However, the land on Kauai farmed by large American bio-tech corn and sugar cane companies form a shocking contrast.  Modern agricultural practices have increased yield, but turned the farming areas into virtual landfills in the process. Fertilizers seep into the ocean causing reef death, killing fish, and generating plumes of eutrophication. Plastic drip hose and garbage litter the once beautiful flat lands of Kekaha and approach right up to the boundaries of the ancient burial grounds of the kings at Polihale.

Western culture’s lack of a partnership worldview emphasizing the interconnectedness of all forms of life has led to the serious decline of nearly every ecosystem in Hawaii over the last 200 years. After nearly 2000 years of Hawaiian sustainable living, Western practices have nearly undone all the work at preservation previously practiced.

Strikingly and ironically, the population on Kauai is now nearly identical to what it was before its “discovery” by Westerners. Yet today instead of Poipu’s lush valleys of Hawaiian taro fields, we see the Grand Hyatt Resort Kauai. Instead of pristine villages in the foothills at the base of the mountains in Lihue, we see Costco and Home Depot.

Overfishing and pollution have proved devastating to the local wildlife, and especially considering that most of that native wildlife has virtually no inherited resistance to any kind of foreign disease or virus. Much like Chehalis elder Mary Heck, you can hear the native Hawaiians regularly decrying the abuses to the environment and urging a return to the partnership worldview as our only means of recovering from this tragic and self-inflicted decline in our tropical ecosystem.”

These are the observations of my student Joshua Kinnard, and as he notes, though there is a better yield with industrialized corn farming, that yield comes with serious problems.  Indeed, it is a better yield only for a few and at the cost of degraded ecosystems on both land and sea.

Such agricultural practices result from a dominating rather than a partnership system.  In a dominator system, those at the top seize profits for themselves wherever they can find them.  In a partnership view, all are responsible the long-term results of their actions on other life.

The partnership view would nix the industrial corn farms in Hawaii, since they create a deficit in natural systems.  It takes as much as seventy per cent more energy to produce this corn than it yields to burn it.

Moreover,  inflation in corn price resulting from the mass production of ethanol corn exasperates  hunger among populations who can no longer afford this subsistence food.

In deriving any profit from the land,  the partnership view asks who profits– and at what cost to other humans and the environment.

In addressing this question, traditional Hawaiian social systems gave prestige to those who shared food with their fellows– and current cultural rights activists care for endangered monk seals as well as for the sharks with which Hawaiian families had traditional alliances described by an elder in Intimate Nature.

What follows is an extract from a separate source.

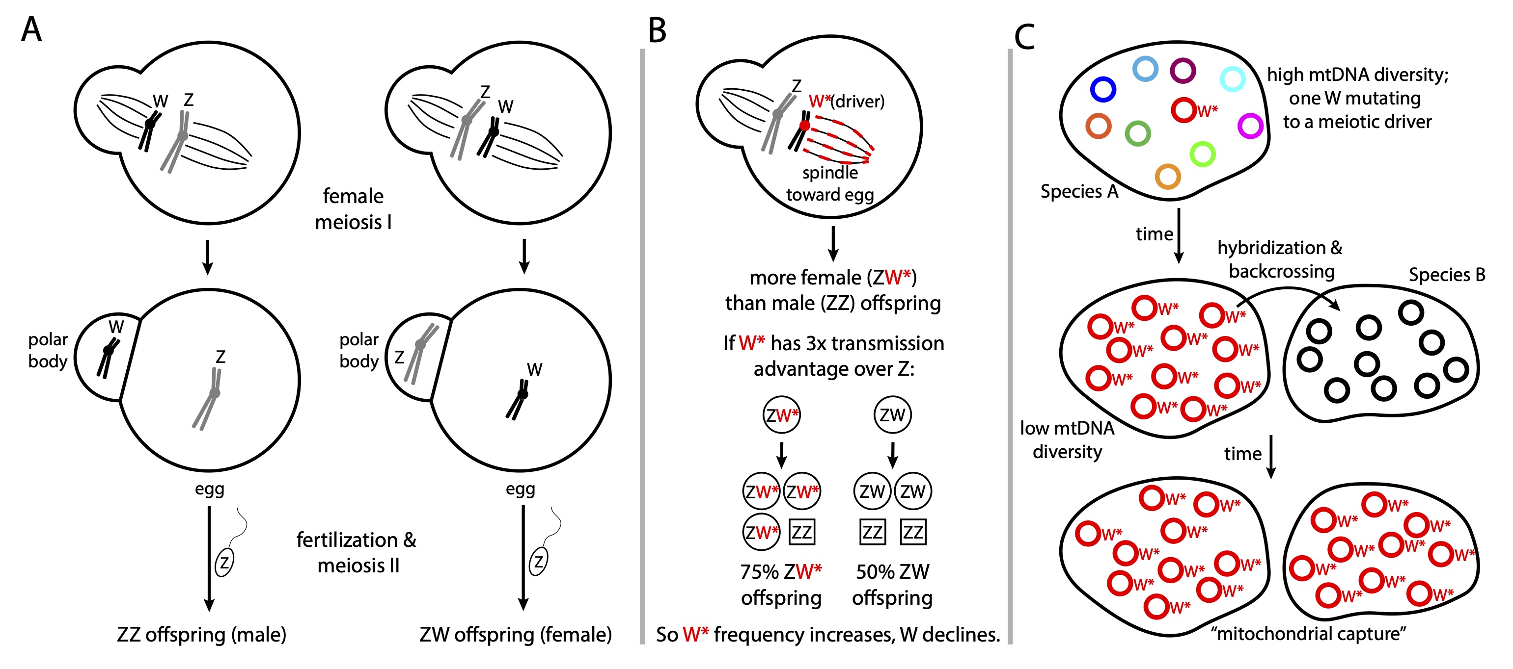 This situation is particularly intriguing in species with Z / W sex chromosomes (e.g., birds, butterflies), meaning females are ZW and males are ZZ. There, a driver on the W or Z can cause the sex ratio of a female’s offspring to be biased towards females (in the case of a W driver) or males (in the case of a Z driver). The figure below illustrates meiosis and the consequences of a W driver:

Ancient Hawaiian stories are absent of the man-eating sharks of JAWS– which play on man versus nature scenarios where one or the other must dominate.

In interdependent natural systems, as both social ecologist Murry Bookchin and ecofeminist Val Plumwood discuss, all lives draw nourishment from  others and are in turn nourished by them.  This model of balance, in which one draws from other lives only that which we can replace–and gives back whatever and wherever we can– is in decided contrast to the overfishing mentioned by Kinnard.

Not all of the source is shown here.